- Occupations: Librarian; reformer; advocate;

= Maria Chavez-Hernandez =

American librarian & educator (1950–2008)

Maria Chavez-Hernandez (1950 – March 19, 2008) was an American librarian, educator, and advocate for information and library access for immigrant and underserved populations.

==Personal life and education==
Chavez-Hernandez was born in Managua, Nicaragua, and became the oldest of 11 children. She received her bachelor's degree in psychology from the University of Puerto Rico (1972), a Master of Library Science from the University of Pittsburgh (1979), and her Ph.D. in Library Science and Information Studies from Florida State University (1991). She worked as a librarian in Puerto Rico and Florida.

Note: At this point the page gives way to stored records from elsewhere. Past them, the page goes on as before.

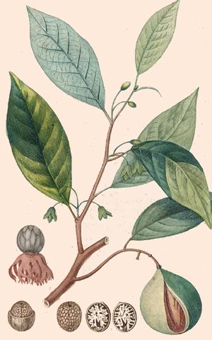 Le muscadier ou nux indicamacis, Myristica fragrans , de la famille des Myristicaceae est originaire des îles Banda aux Moluques. Cet arbre dioïque, d’allure pyramidale, atteint 10 à 20 m de haut. Ses feuilles simples et entières sont persistantes et alternes. Ses fleurs monoïques ou dioïques produisent un fruit globuleux charnu semblable à un abricot jaunâtre. Il s’ouvre à maturité en deux valves et libère une graine unique ovoïde de trois à quatre centimètres à son plus grand axe, ligneuse, très dure, de couleur brunâtre. Elle est entourée d’une sorte de résille charnue d’un rouge orangé brillant, le macis, qui est détaché et mis à sécher. De son côté la graine est séchée, le tégument externe brisé et éliminé, laissant le tégument interne adhérant à l’amande. Cette amande ovoïde est oléagineuse et son odeur, suave, se révèle lorsqu’on la râpe. Plante tropicale, le muscadier a été transplanté dans les deux hémisphères, dans les îles malaises et indonésiennes, dans l’île Maurice et à Ceylan. L’Indonésie et surtout la Grenade (Petites Antilles) en sont les plus gros producteurs.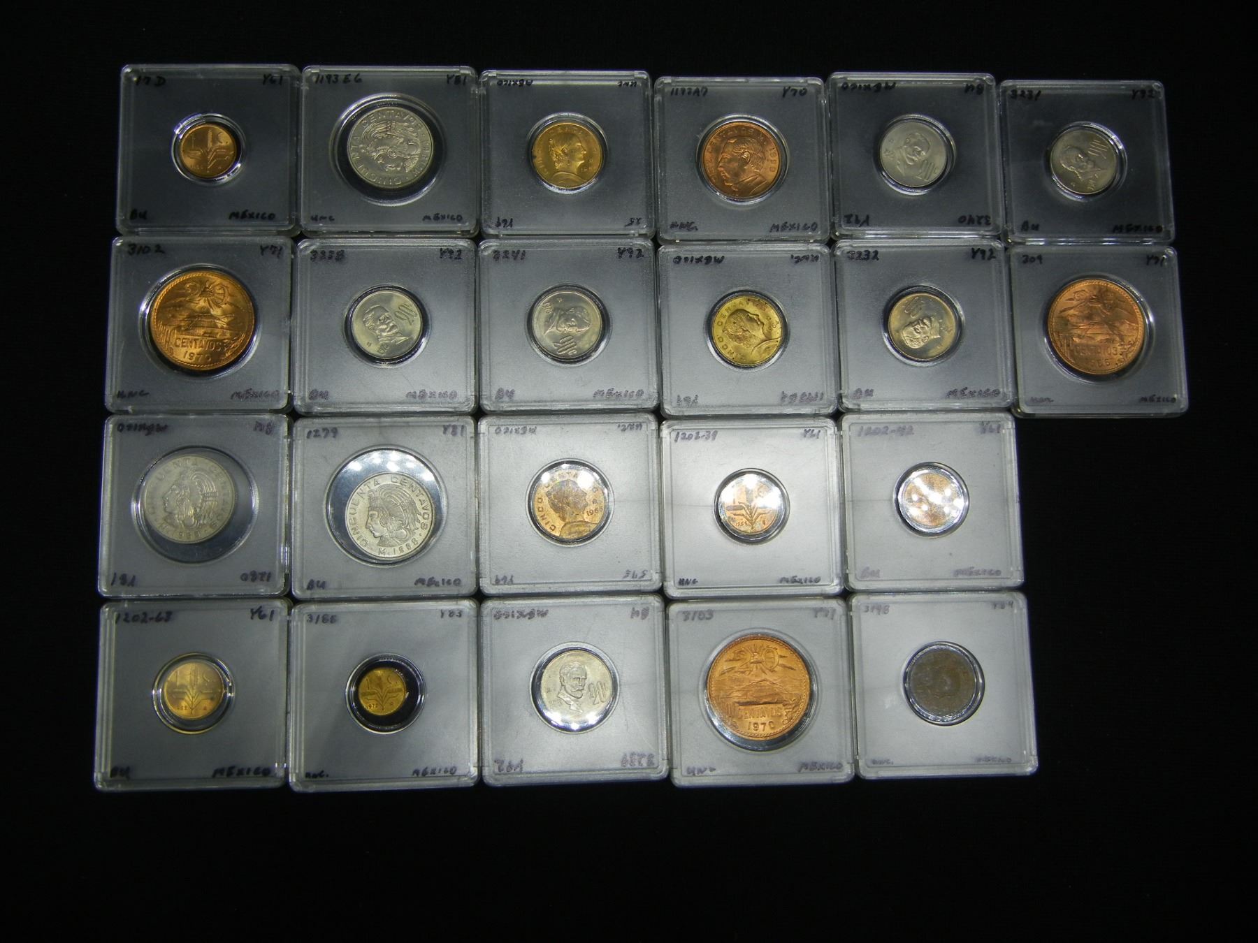 22 Mexico Coins.  All UNC.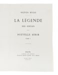 HUGO, Victor (1802-1885) — La Légende des siècles. Nouvelle série. — Calmann-Lévy, Paris, 1877 — 2 volumes in-8 (24 x 15,5 cm), en feuilles, chemise à rubans de soie rouge, étui demi-chagrin et percaline verts.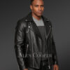 Black Suede Finish Biker Shearling Jacket For Men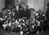 En äldre kvinna i ett hem, omgiven av blommor, 1930-tal. Antagligen firar hon sin födelsdag.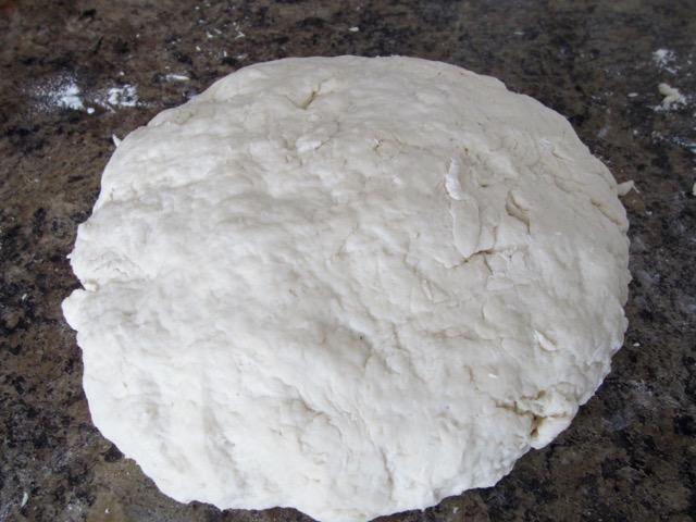 - Add the butter, milk and ½ cup water into the well and mix briefly and lightly into a soft and slightly sticky dough, adding the remaining water only if necessary. Turn the dough onto a lightly floured surface, knead briefly for 30 seconds and form into a 7 ½-inch round bread (don’t over handle the dough). Mark the bread into 6 wedges using the blunt side of a table knife.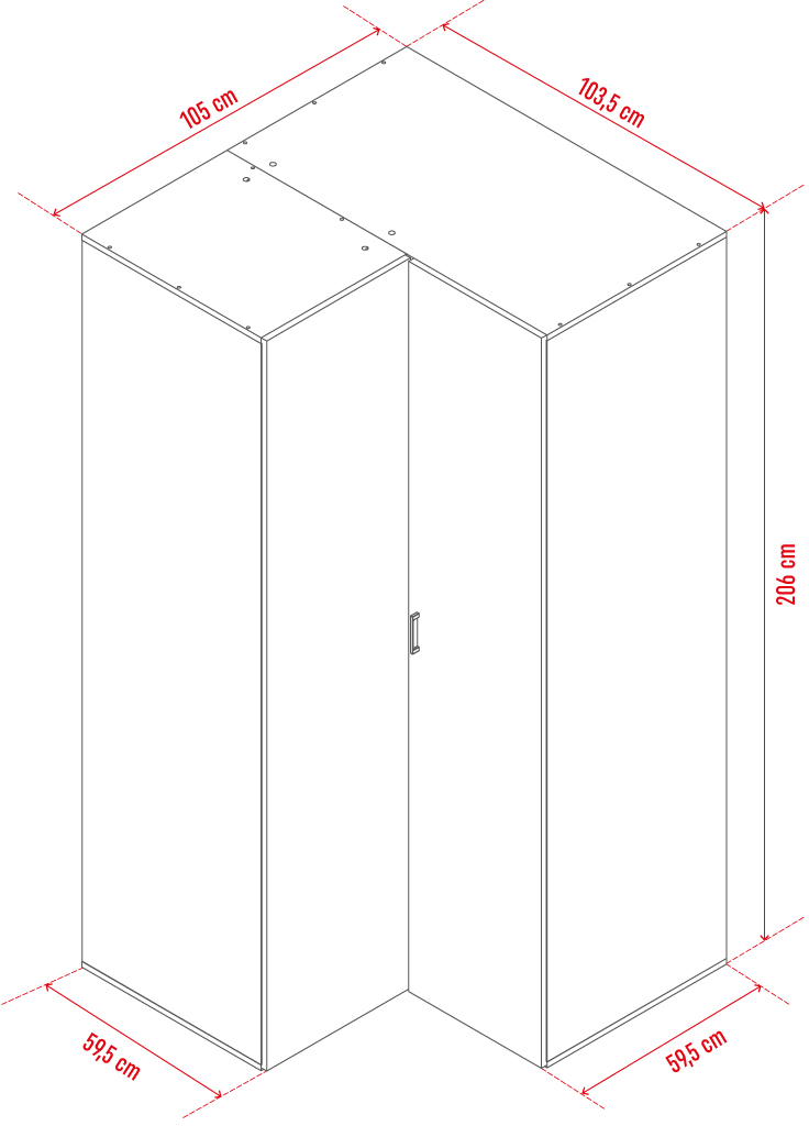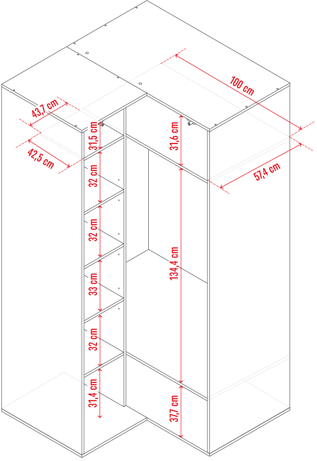 V levé části skříně je vloženo 5 polic, z nichž prostřední 3 mají libovolně nastavitelnou výšku. Za pravými dvířky je vložena šatní tyč a 2 prostorné police. Uprostřed horní desky skříně je namontováno LED osvětlení, které se při otevření automaticky rozsvítí.

She married Miguel Hernandez and had three daughters. In 2008, she died of cancer.

==Librarianship==
Chavez-Hernandez was an active member of the Florida Library Association, the Association for Library and Information Science Education (ALISE), the National Education Association (NEA), and the National Association to Promote Library Services to Latinos and the Spanish Speaking (REFORMA). She worked as a Library and Information Science professor at Florida State University until her death. Her tenure at Florida State University focused on her work with immigrant populations.

===Contributions to the Florida Association for Volunteer Action in the Caribbean and the Americas===
Chavez-Hernandez volunteered as FAVACA's Internet consultant for five years, during which time she worked on connecting information repositories, improving Internet skills, and improving student access to information in Belize. In the Dominican Republic, she developed a research center and a cultural center for children. While in the Dominican Republic, she worked closely with President Leonel Fernández, who was interested in having her consult with the country's national library service. In Nicaragua, she gave workshops on how to better utilize Internet searching. Specifically, she worked on the following projects.
- Library Science Focus on Dominican Republic Training
- Fundacion Sur Futuro Builds Sustainable Programs
- Dominican Republic Receives Library Science Training
- Florida Information Specialists Train Belizean Counterparts
- Florida Information Specialists Guide Library Development in Belize
- Professor Offers Computer Skills in her Native Nicaragua

==Legacy==
The Florida Library Association created an award to honor Dr. Chavez-Hernandez. Specifically, the award is the "Maria Chavez-Hernandez Libraries Change Peoples Lives Award" to celebrate the "dynamic spirit of her work in expanding the opportunities of information access to under-served and immigrant populations" by rewarding librarians who have "made a demonstrably positive and big difference in the lives of Florida's library users."

==Publications==
- Chávez-Hernández, M. (1996). "The establishment of a library networking model for the Caribbean region: a Delphi study". Journal of Interlibrary Loan, Document Delivery & Electronic Reserves, 7(2), 51–75.
- Chavez-Hernandez, M. M., & Rodriguez-Mori, H. H. (2007). "Spanish Language Subject Headings: Their Impact on Information Access". Alcts Papers on Library Technical Services and Collections, (14), 66–75.